Ipodumu dinliyrdum başta, çok sürmedi çıkardım.. Şehri insanları dinleyerek gitmek daha motive ediciydi.. Herkes maratoncuları desteklemeye gelmiş. Kulakları kapamak olur mu hiç?!

Mesela, canlı müzik yapanlar var, onlara kocaman alkış!! Hepsi birbirinden ilginç kostümler içinde! O kadar andayım ki başka hiçbirşey düşünmüyorum zaten düşünemiyorum!

10.kilometreye gelecekti Murat öyle anlaşmıştık. Ona bakınıyorum, iyiyim herşey süper gidiyor beklediğimden kolay gidiyor demek istiyorum! Murat'ı görüyorum, yanıma geliyor biraz beraber koşuyoruz. Sonra bırakıyor ben devam ediyorum.

Kalan yarısını da aynı şekilde daha da heyecanlanarak koşuyorum. Artık otomatiğe bağlamış durumdayım, su noktasından su almak için yavaşlıyorum yürüyemiyorum bacaklar bir tuhaf gidiyor sanki ilk defa yürüyorum.
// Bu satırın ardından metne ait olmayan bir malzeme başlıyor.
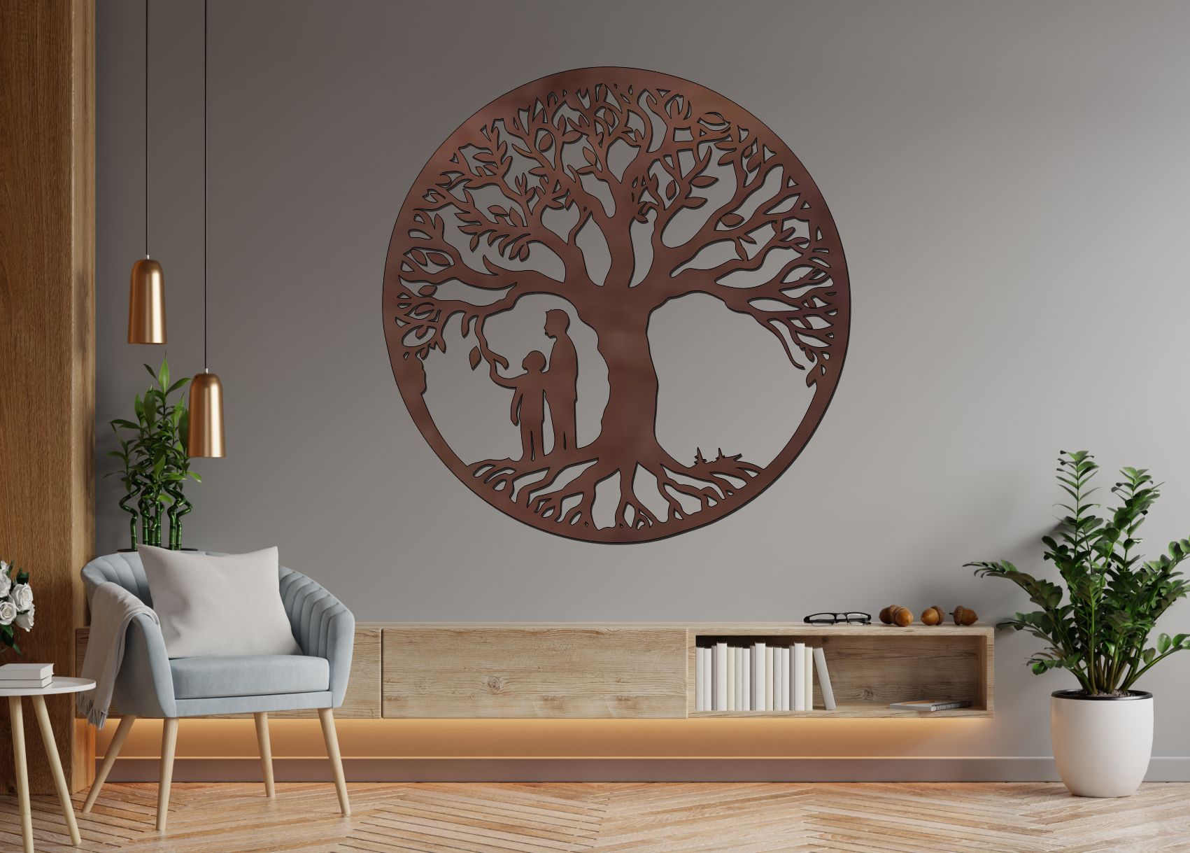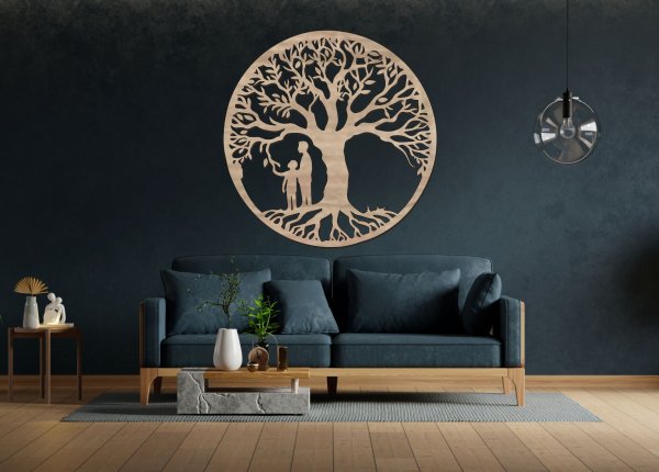 Tento drevený strom života na stenu v sebe nesie silnú symboliku rodiny, ochrany a vzájomnej blízkosti. Jemný siluetový detail pod korunou stromu dodáva obrazu osobný a citlivý rozmer bez konkrétneho určenia – vďaka tomu je vhodný pre každú domácnosť.
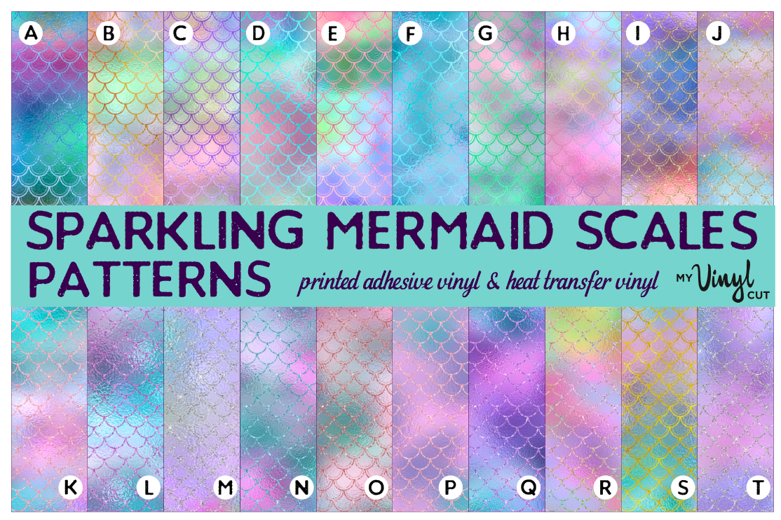 Sparkling Mermaid Patterns printed on waterslide film, self-adhesive vinyl or heat transfer vinyl
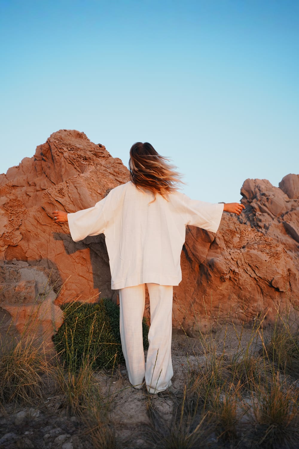 %100 Keten, orta belli, rahat kesim, cepli, astarlı
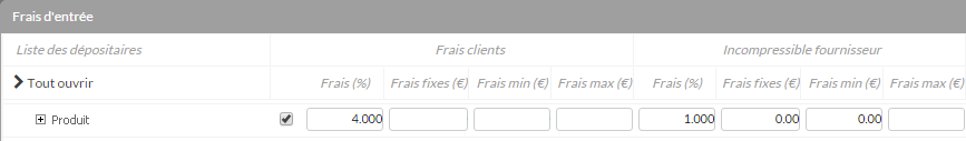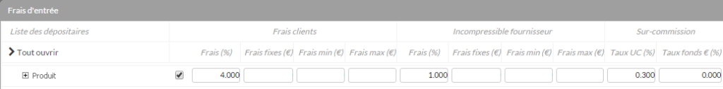 Par défaut les fonds héritent des frais du produit. Si besoin, vous pouvez les préciser en cochant les cases au niveau du produit ou du support.
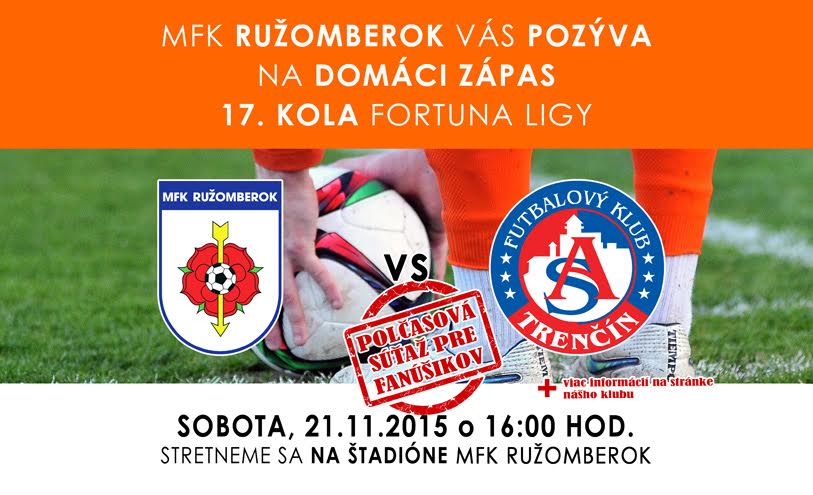 Návštevníkov zápasu žiadame, aby prišli na štadión v dostatočnom predstihu. Pokladne sú otvorené už od 14:30. Zároveň upozorňujeme, že predaj vstupeniek na pokladniach štadióna MFK Ružomberok, trvá do šesťdesiatej minúty hracieho času. Po tomto čase sú pokladne uzatvorené a vstup na štadión je umožnený len osobám s platnou vstupenkou, resp. permanentkou!
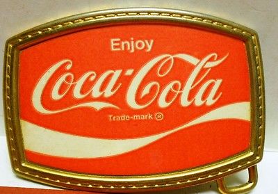 Title (ebay affiliate link): 1980s Odd Rectangular Enjoy Coca-Cola Belt Buckle- Made In USA -Very Colorful
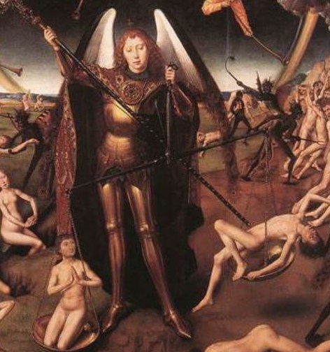 The Justice card from the late 15th century Budapest Tarocchi (left) is numbered 20, which places it between the Judgment and World cards. Justice is also in twentieth position in the earliest known list of trump cards, the Sermones de Ludo Cum Aliis (Steele Sermon), written about the same time the Budapest deck was created. The Angel in the Judgment card calls people to rise from their graves and proceed to the Last Judgment. According to popular Christianity, not the Bible, Saint Michael will be waiting for the newly risen souls with his sword and scales, ready to decide which souls will go to heaven, which will be turned over to the devil, and which will wait for the Last Judgment in Purgatory. Saint Michael in armor with a sword and scales, as in this 15th-century painting by Hans Memling, was a very popular motif in late medieval and Renaissance art. It seems the creator of the Budapest deck repurposed the allegory of Justice to stand in for Saint Michael in the final act of the tarot trumps.
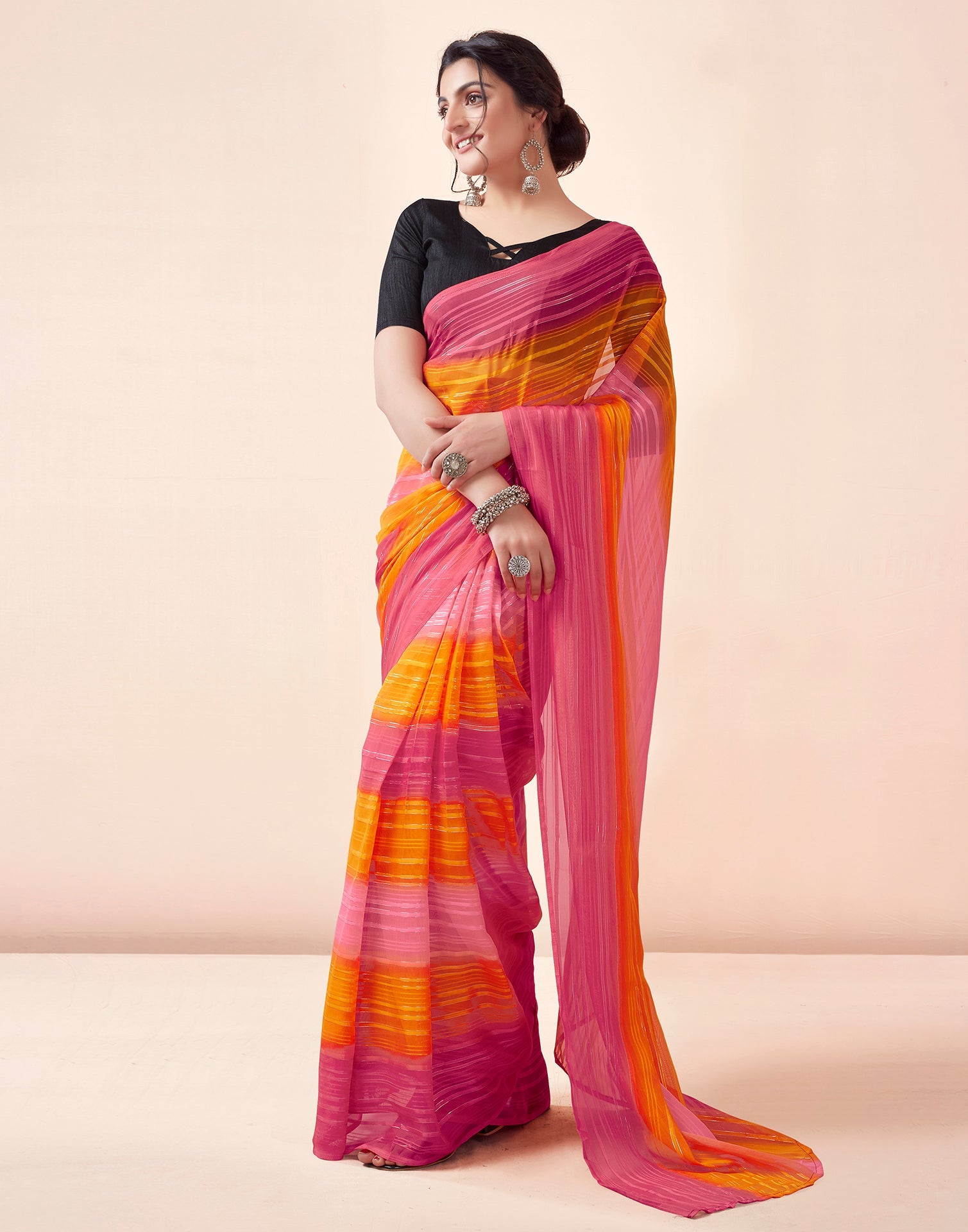 Ready to Wear Turmeric & Red Georgette Printed Saree
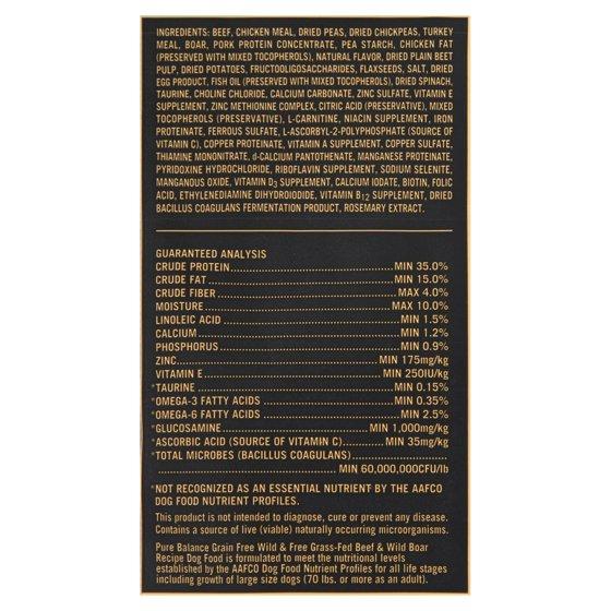 - Pure Balance Wild and Free Grass Fed Beef and Wild Boar Recipe Grain Free Dry Dog Food, 4 lb
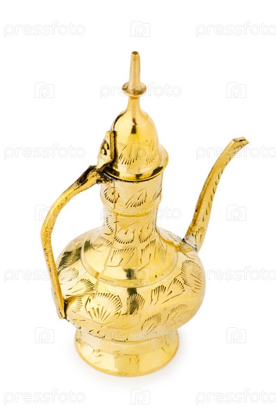 Древний восточный кувшин крупным планом, изолирован на белом

Suyu içip de devam ediyorum. 

Ara ara yavaşladığım oluyor son 5 kmde. Yanımdan geçen diğer katılımcılar cesaretlendiriyorlar hadi yapbilriisn diyorlar biraz daha gaza basıyorum! Biraz da muz vs takviyesiyle devam ediyorum.. 
Derken bir bakmışım finish noktasına ulaşıyorum! İnanamıyorum! Kalbim küt küt atıyor, heyecandan..

İlk uzun koşumdu! Bitiyorum ve ağlıyorum duygular seli! Kendimle acayip gurur duyuyorum! İnanamıyorum başarabildiğime. Madalyamı alıyorum!
Yani bir ara sonuncu falan olur muyum diye endişelenmiştim, koşarken anladım ne kadar saçma bir düşünceymiş, mesele aslında bu işe girişmeye kalkışmak. Yürüyerek de olsa tamamlamak mühim olan, kimseyle yarışmıyorsunuz. Herkes kendiyle başbaşa.. 

Aman alt tarafı bi yarı maraton koştu demeyin. Dünya için küçük benim için büyük adım.. 3 ay önce bu işe kalkıştığımda 15 dakika koşsam nefes nefese kalan ben, 21.4 km'yi 2 saat 15 dakika hiç durmadan koşmuşum! Hiç fena değil. 

Murat'ı görüyorum, tanıdık yüz kalabalığın içinde ne iyi geliyor paylaşmam lazım çünkü..

Sonra düşünüyorum, kaç yaşıma gelmişim ben ilk defa yaptım böyle birşeyi.. Bu avrupalı ofis arkadaşlarım var ya, onlar için o kadar normal birşey ki maratonlara triatlonlara katılmak! Koştum ya şimdi anlıyorum esas, bu acayip bağımlılık yapıcı birşey, insan bir kere yaptı mı, hep yapası gelir hakkaten!